La Perla, a blink-and-you’ll-miss-it kind of restaurant in Cartagena is the brainchild of a Peruvian chef and a Bogota mixologist (whatever the hell that actually means). The dining room of La Perla itself could be mistaken for a large closet with only two rows of tables reaching (maybe) thirty meters back. A coat-room-sized kitchen is deceptive in its ability to construct outrageously good food from the sea.

 

I can comfortably (and happily) say that 8-18 was my first dinner in Cartagena. Had I not realized I was in the historic district, the inside of 8-18 would have convinced me otherwise. It has a decidedly Miami feel and while prices here aren’t that far off from the states, it does represent a new and unique dining option in a world of constantly revolving it-spots in Cartagena dining.

 

There’s a reason every local with the slightest bit of cool suggests you start your night off at Café del Mar. Maybe it’s the oceanfront view of old city and new town Cartagena. Maybe it’s the pleasant cross breeze.

Maybe it’s the whimsical music or the fact that you’re chilling on a fortress wall from hundreds of years back. Café del Mar is easily one of the most recognizable nightlife haunts in Cartagena.

El Santísimo is to the Cartagena restaurant scene what Diego Maradonna was to the 1986 World Cup: a palpable step above an otherwise decent group of competitors.
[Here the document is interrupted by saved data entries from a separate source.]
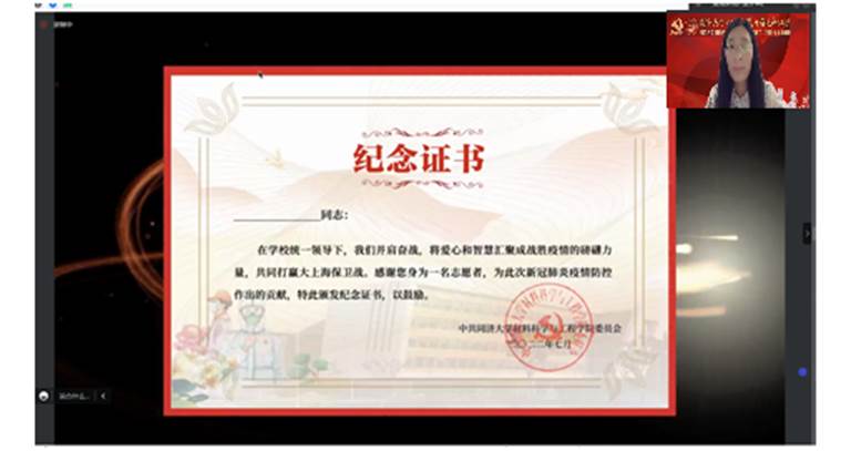党委特邀请校党委学研工部副部长王小莉为所有致力于共同打赢大上海保卫战的志愿者们“云”颁发纪念证书。王小莉副部长指出:“听到了师生的战疫故事,深深感受到了同舟共济、自强不息的同济精神,深受感染,在学校统一领导下,大家并肩作战,汇聚战疫磅礴力量,感谢每一位志愿者为此次疫情防控做出的贡献”。随后,由学生骨干杨思禹同志宣读了包含84位教工与302位学生在内的疫情防控志愿者名单。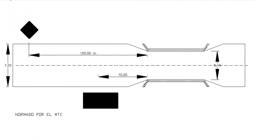 Orifice channel front elevation plan, dimension detail, hatching detail, hidden line detail, etc.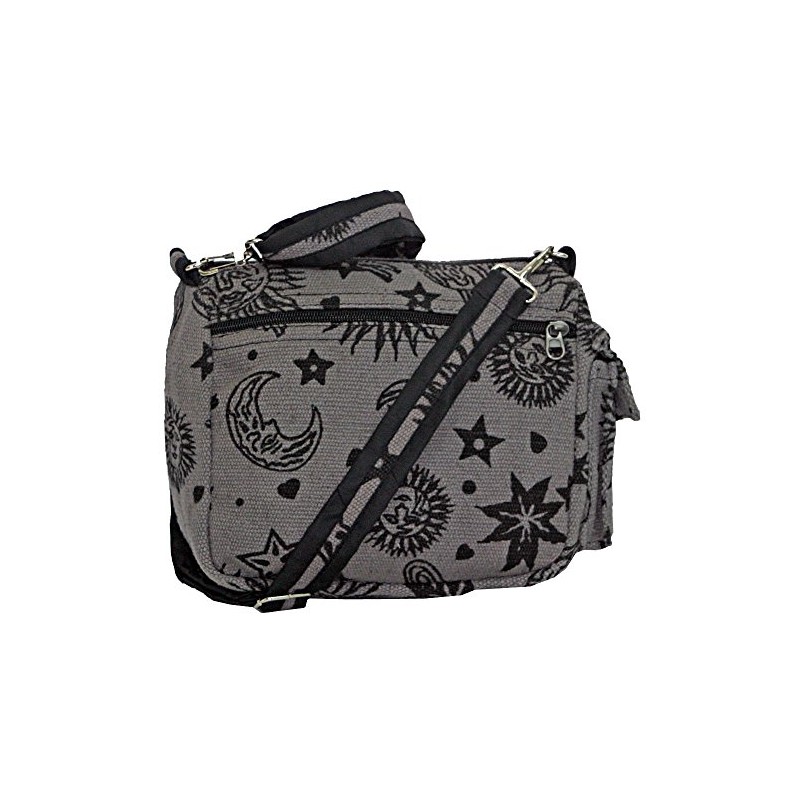 Sun Moon Stars and Planets Celestial Hippie Boho Crossbody Single Shoulder Bag (Gray)

El Santísimo sits in the upper echelon of Cartagena cuisine, a place where real connoisseurs eat and hype is nothing other than reality via word of mouth.

El Santísimo is the combination I envision when I think trendy Cartagena dining: one part pioneering cuisine, one part immaculate restored old mansion, one part well-trained staff, and one part intangible jenesaisquoi.

Cartagena’s not exactly known for its Asian influences, but Teriyaki offers hands-down the historic district’s most innovative (and traditional) Japanese fare. Located in Plaza San Diego, a quaint open space beside Cartagena’s School of Fine Arts and diagonal from the renowned Hotel Santa Clara, Teriyaki offers dishes of Chinese, Thai, Japanese and Korean influence: everything incredibly fresh and bold.

La Vitrola is arguably the most talked-about restaurant in Cartagena. “Where the movie stars and politicians eat and the models go to look at salads,” I was told. So not unlike the hotdog at Yankee’s Stadium or the pho on the street in Bangkok, I felt obliged to eat at La Vitrola, the historic district’s most renowned dining scene.